■ **Data records**:
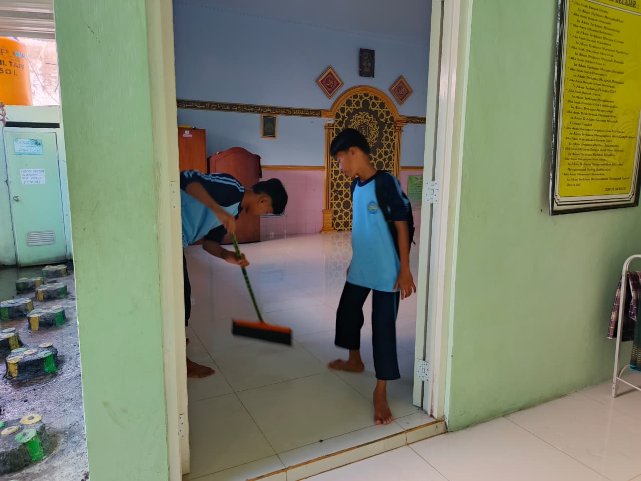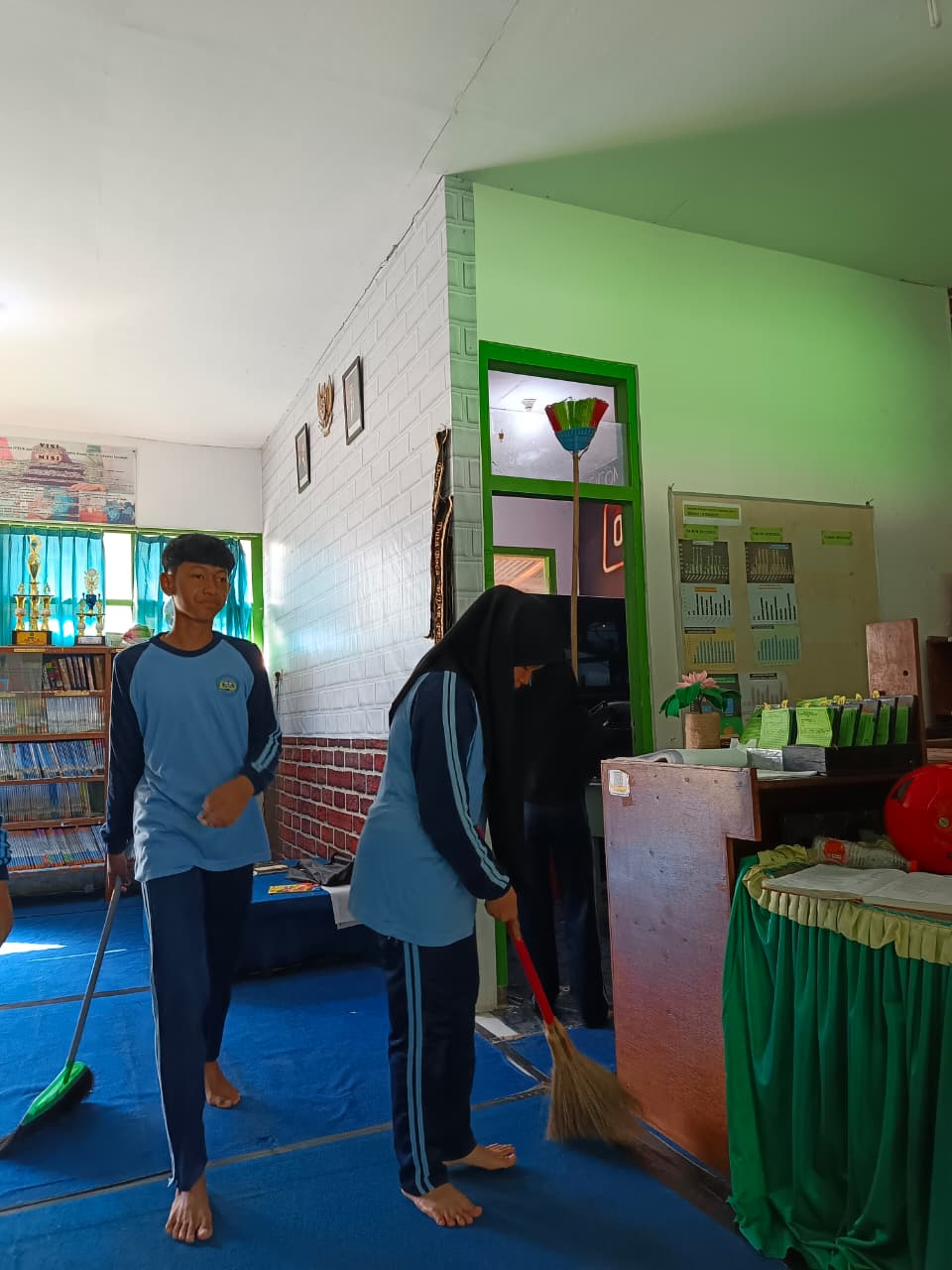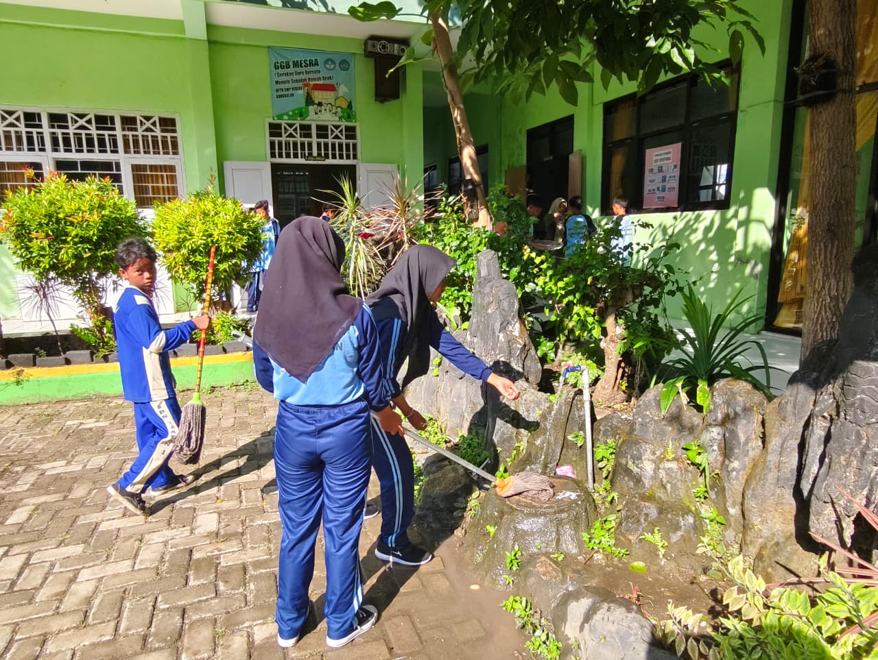 Kegiatan bersih bersih sekolah adalah upaya rutin yang melibatkan seluruh warga sekolah (siswa, guru, karyawan) untuk menciptakan lingkungan sekolah yang bersih, sehat, dan nyaman, seperti melalui piket kelas, kerja bakti, “Jumat Bersih”, atau program lainnya untuk menjaga kebersihan ruang kelas, halaman, taman, dan fasilitas umum. Kegiatan ini bertujuan menanamkan karakter peduli lingkungan, menumbuhkan rasa memiliki, dan meningkatkan semangat belajar.
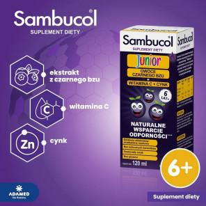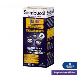 Sambucol Junior to suplement diety w płynie przeznaczony dla dzieci powyżej 6. roku życia oraz osób dorosłych. Zawiera sok z owoców czarnego bzu, a dodatkowo witaminę C i cynk – składniki, które wspierają prawidłowe funkcjonowanie układu odpornościowego. Witamina C i cynk pomagają także w ochronie komórek przed stresem oksydacyjnym. Produkt polecany jest szczególnie w okresach zwiększonego zapotrzebowania na wsparcie odporności, np. w sezonie jesienno-zimowym.
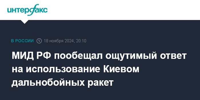 Москва. 18 ноября. INTERFAX.RU - Возможное использование Украиной дальнобойных ракет для атак по территории РФ будет означать прямое участие Вашингтона в боевых действиях, ответ Москвы будет в таком случае "адекватным и ощутимым", заявляют в российском внешнеполитическом ведомстве.
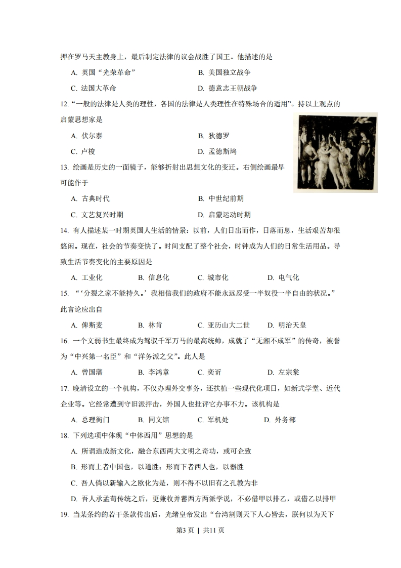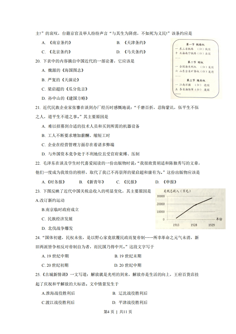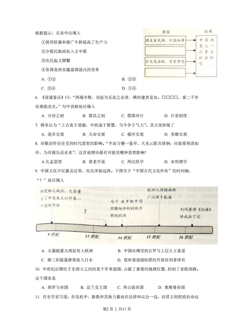 绝密★启封前2016年普通高等学校招生全国统一考试历史(上海卷)一、选择题(共75分)以下每小题2分,共60分。每题只有一个正确选项。1.古希腊人所称的“美索不达米亚'’位于右图中A.①B.②C.③D.④2.有学者认为河南偃师二里头文化遗址是传说中的夏朝都邑。以下考古发现中,最有力的证据是A.石制农具B.青铜礼器C.宫殿遗址D.家畜遗骨3周公日:“惟殷先人,有册有典”。殷人的册典主要指的是B4.公元前1046年,武王率兵在牧野打败商军,建立周朝。这一年处在A.公元前10世纪上半叶B.公元前10世纪下半叶C.公元前11世纪上半叶D.公元前11世纪下半叶5.探究因果关系是历史学习的重要技能。第1页|共11页
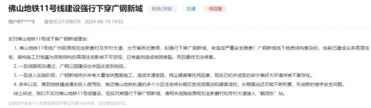 当时,就有不少人提出异议,如为何佛山11号线不能绕过住宅区,非要选择穿过中央公园?广钢段的线路建设计划,能不能取消等。
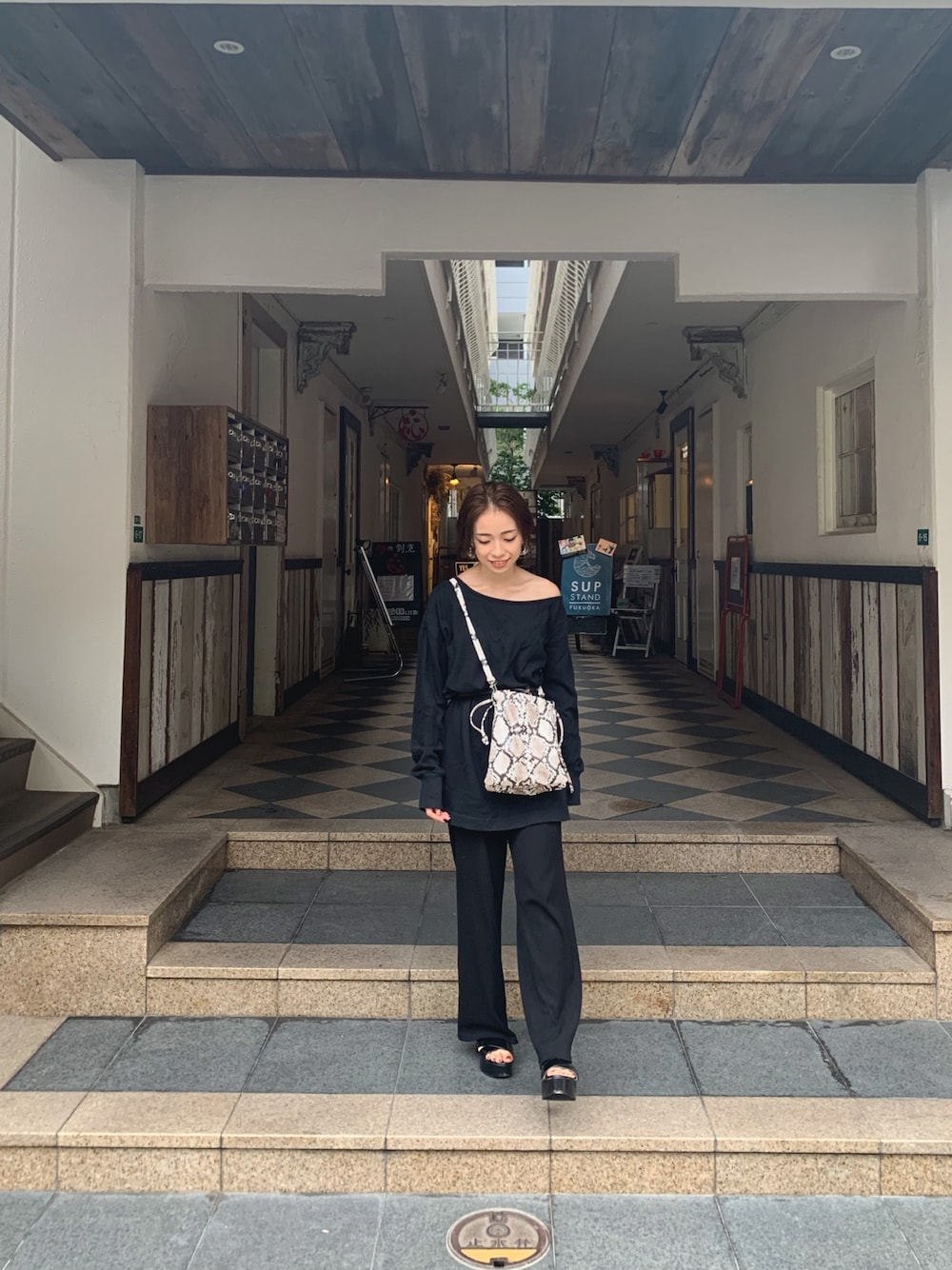 黒のワントーンコーデのポイントにパイソン柄のバッグを。
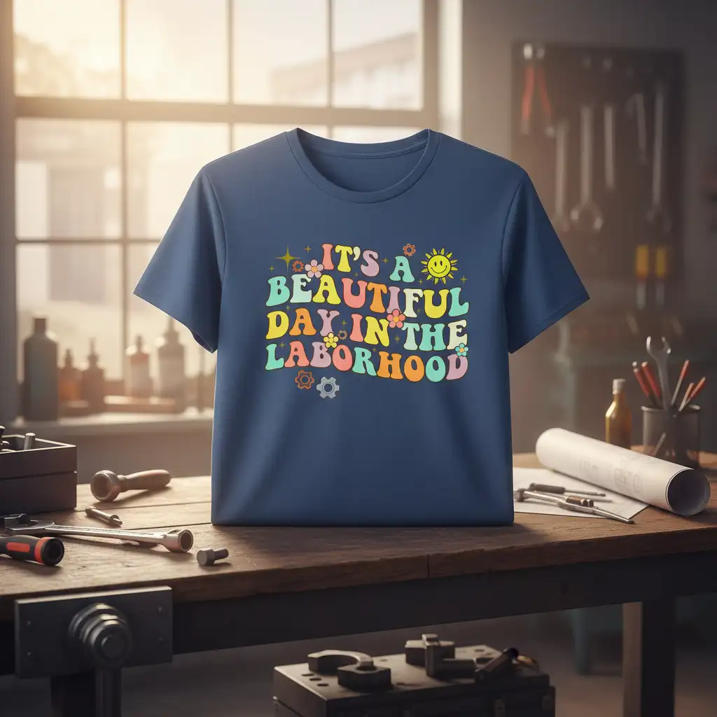 Showcase your pride in “IT’S A BEAUTIFUL DAY IN THE LABORHOOD” with this eye-catching t-shirt. It’s a comfortable and stylish way to celebrate the dedication of skilled workers. This tee makes an excellent gift for anyone who takes pride in their craft.
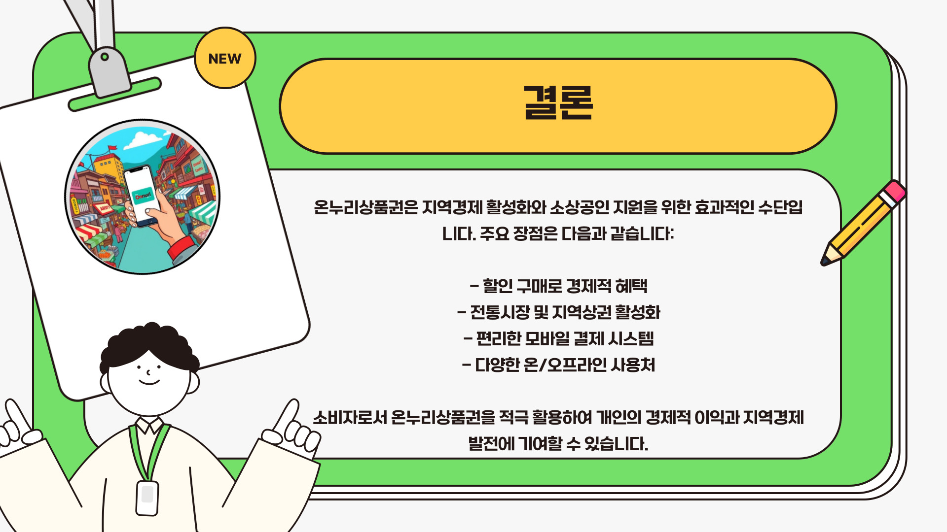 온누리상품권의 가장 큰 장점은 지역 경제 활성화에 기여한다는 점입니다. 상품권을 사용함으로써, 소비자는 지역 상점에서 구매를 하게 되고, 이는 소상공인에게 직접적인 도움이 됩니다. 또한, 상품권을 통해 다양한 할인 혜택을 받을 수 있어 소비자에게도 이득이 됩니다. 이러한 이유로 온누리상품권은 많은 사람들에게 사랑받고 있습니다.
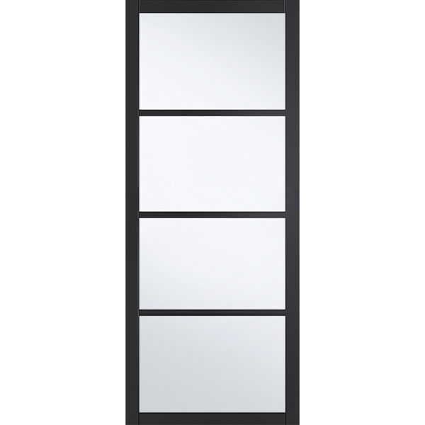 The Ailesbury Black 4 Panel Clear Glass 44mm Door is crafted with a beautiful and smooth black finish, adding a touch of elegance to your home. Designed for stability and durability, each door is coated with a special matt finish that enhances its lifespan, ensuring long-term quality and performance. Available in 6'8" x 2'10", 6'8" x 2'8", 6'6" x 2'9", 6'6" x 2'6", 6'6" x 2'4".

■ **Your task**: Please transcribe, with no additions, the lines starting at the one that contains "온누리상품권의 가장 큰" and running through the last line of the entries, inclusive. Leave the pictures out.

■ **Response area**:
 온누리상품권의 가장 큰 장점은 지역 경제 활성화에 기여한다는 점입니다. 상품권을 사용함으로써, 소비자는 지역 상점에서 구매를 하게 되고, 이는 소상공인에게 직접적인 도움이 됩니다. 또한, 상품권을 통해 다양한 할인 혜택을 받을 수 있어 소비자에게도 이득이 됩니다. 이러한 이유로 온누리상품권은 많은 사람들에게 사랑받고 있습니다.
 The Ailesbury Black 4 Panel Clear Glass 44mm Door is crafted with a beautiful and smooth black finish, adding a touch of elegance to your home. Designed for stability and durability, each door is coated with a special matt finish that enhances its lifespan, ensuring long-term quality and performance. Available in 6'8" x 2'10", 6'8" x 2'8", 6'6" x 2'9", 6'6" x 2'6", 6'6" x 2'4".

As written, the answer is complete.